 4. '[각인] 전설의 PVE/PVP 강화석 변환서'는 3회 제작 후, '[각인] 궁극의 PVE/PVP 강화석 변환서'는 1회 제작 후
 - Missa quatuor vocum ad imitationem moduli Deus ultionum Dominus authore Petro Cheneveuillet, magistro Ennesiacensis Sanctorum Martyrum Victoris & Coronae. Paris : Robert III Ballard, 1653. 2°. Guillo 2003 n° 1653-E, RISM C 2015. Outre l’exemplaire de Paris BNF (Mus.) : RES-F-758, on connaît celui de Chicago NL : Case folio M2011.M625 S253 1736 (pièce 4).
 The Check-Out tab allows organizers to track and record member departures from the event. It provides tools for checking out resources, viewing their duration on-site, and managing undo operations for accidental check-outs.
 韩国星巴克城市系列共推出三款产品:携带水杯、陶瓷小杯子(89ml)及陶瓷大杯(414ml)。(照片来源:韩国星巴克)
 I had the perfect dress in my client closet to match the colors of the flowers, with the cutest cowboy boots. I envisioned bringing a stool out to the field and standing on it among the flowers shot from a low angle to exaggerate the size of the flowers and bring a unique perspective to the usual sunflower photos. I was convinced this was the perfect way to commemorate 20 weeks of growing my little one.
==
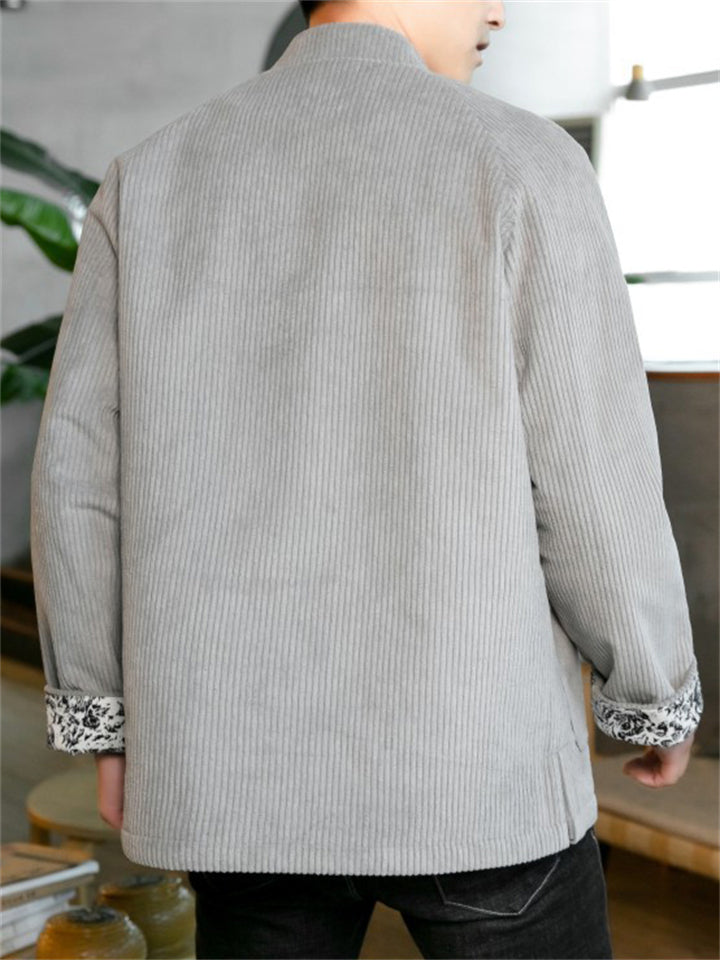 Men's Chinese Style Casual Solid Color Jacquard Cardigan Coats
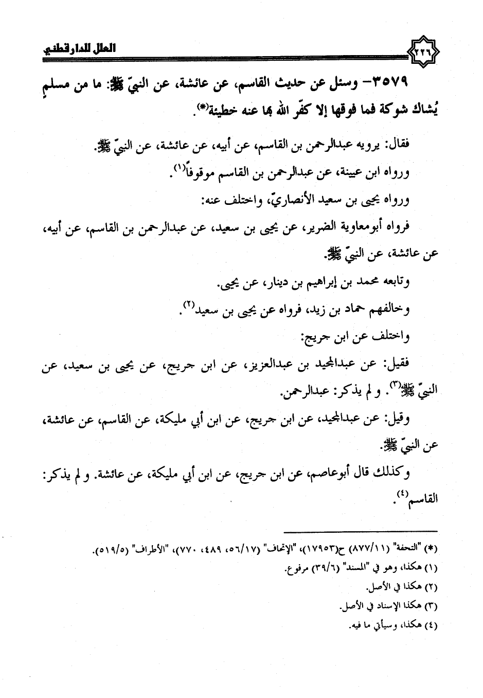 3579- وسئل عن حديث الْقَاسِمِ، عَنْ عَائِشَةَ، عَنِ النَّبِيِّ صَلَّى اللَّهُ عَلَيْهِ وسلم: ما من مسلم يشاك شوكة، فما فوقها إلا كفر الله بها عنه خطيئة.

### [WHAT IS NEEDED]
Retype only the lines above between the line with "The Check-Out tab" and the line with "韩国星巴克城市系列共推出三款", counting those two lines as well, and keep every character as it is.

### [ANSWER TO THIS EXERCISE]
 The Check-Out tab allows organizers to track and record member departures from the event. It provides tools for checking out resources, viewing their duration on-site, and managing undo operations for accidental check-outs.
 韩国星巴克城市系列共推出三款产品:携带水杯、陶瓷小杯子(89ml)及陶瓷大杯(414ml)。(照片来源:韩国星巴克)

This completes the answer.